В юношеских произведениях Гюго угадывается удивительный профессионализм, из-за которого некоторые критики заподозрили его в том, что он переписывал стихи других поэтов, – правда, обнаружить плагиат так и не удалось. Его александрийские стихи уже тогда отличались великолепной звучностью, из-за чего их почти невозможно читать про себя или сидя. Перед нами поэт в поисках контекста – в идеале, огромной толпы, которая разражается радостными восклицаниями в конце каждой строфы. Сам Гюго сравнивал свой стиль с дымящейся вулканической лавой, успевшей отвердеть{162}. В пятнадцать лет вулкан с равным удовольствием извергал трогательную фантазию в стиле Расина под названием «Отец оплакивает гибель сына» и небольшое произведение о ночных горшках.

На поверхности все казалось ясным: отец, если верить еще одной «Элегии», был посредником «неумолимой Судьбы», разлучившей его со «святой» матерью. Единственным противоречием служит то, что «искренность» зависела от благоразумного применения риторических приемов: «Эта элегия отнимает два часа труда… Почему разум так скупо говорит о том, что так глубоко чувствует сердце?» Вот дилемма исповедального поэта:


Если, чтобы стать хорошим поэтом,
Нужно быть полным своей темой,

Если тема – я сам?{163}

Такой механический формализм, который как будто лишает стихи эмоциональности, собственно послужившей поводом для их появления, составлял основную часть замысла. Поэзия служила еще и средством подавления. Слова, записанные на бумаге, можно стереть из головы; сомнения переходят в уверенность. Тягостные воспоминания можно изменить, а затем вспомнить заново по написанному. Следующие строки из «Прощания с детством» (Mes Adieux à l’Enfance) обращены к матери, но их можно с таким же успехом обратить к искусству, заниматься которым Софи Гюго поощряла сына:


Приди и подави пылкое буйство моей ретивой юности.

Но очевидная ссылка на половую зрелость указывает на потенциально катастрофическое устройство ума: «дисциплиной и повиновением, заслонами для сердца и души»{164}. Поразительно, но, вспоминая детство, Гюго ничего не говорит ни об Италии, ни об Испании. Кажется, все его детство протекало беззаботно в стенах сада в переулке Фельянтинок, где единственным, если верить стихам, намеком на бедствия войны стали опыты с порохом.

Утверждение Гюго, что непослушные школьники – результат нетерпимости учителей, подтвердилось в мае 1817 года, когда директором пансиона Кордье стал профессиональный садист по фамилии Декотт. В ловко составленном язвительном отчете школьного инспектора говорится, что Эммануэль Декотт «полон гордости, тщеславия и энергии» и потому он прекрасно подходит для данного поста{165}.

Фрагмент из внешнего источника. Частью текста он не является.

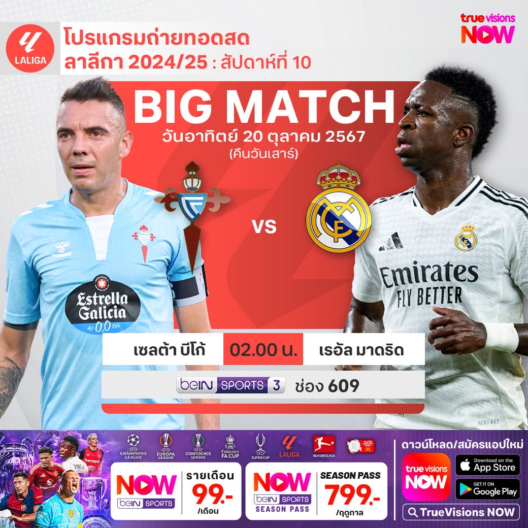 19 ตุลาคม 2567 เวลา 02.00 น. ถ่ายทอดสด ดูบอลสด ฟุตบอล ลาลีกา ฤดูกาล 2024/25 เซลต้า พบ เรอัล มาดริด The Thaiger พาไปวิเคราะห์เกม พร้อมการทำนายผล และคาดการณ์ 11 ตัวจริงได้ที่นี่
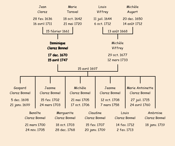 Père : Jean Claraz Bonnel | Parrain : Dominique Bonnel (fils de Louis) |

Новый учитель увидел в Викторе Гюго главную угрозу своему авторитету. Он заслужил себе место в истории литературы тем, что взломал парту Гюго и конфисковал его личный дневник. В дневнике содержалась декларация его политических и литературных взглядов, датированная июлем 1816 года: «Я хочу стать Шатобрианом или ничем» (желание, столь же обычное в 10-е годы XIX века, сколь желание стать Виктором Гюго в 30-е и 40-е годы того же столетия). Кроме того, в дневнике были стихи, которые Декотт, наверное, сравнил со своими рифмованными виршами, посвященными образованию, и подробная характеристика, в конце которой следовал вывод, что Декотт – «мошенник». Гюго обвинили в «неблагодарности» – грехе особенно тяжком, поскольку он получал «заботу и внимание, равных которым не знал ни один другой ученик». В «Рассказе о Викторе Гюго» приводится следующий диалог:

«Виктор. Месье, это мне следует вас упрекать. Вы выведали все мои тайны, надругались над моим разумом и обнажили мою душу…

Декотт. Осторожнее, молодой человек, вас вернут родителям.

».

В историях детства, написанных в XIX веке, почти всегда имеется эпизод с конфискацией. Герои угрожают старому порядку; конфискация подтверждает врожденную преступность героя, у которого появляется повод отомстить. Поскольку дневник неизменно теряется или уничтожается, читатель невольно преувеличивает его достоинства.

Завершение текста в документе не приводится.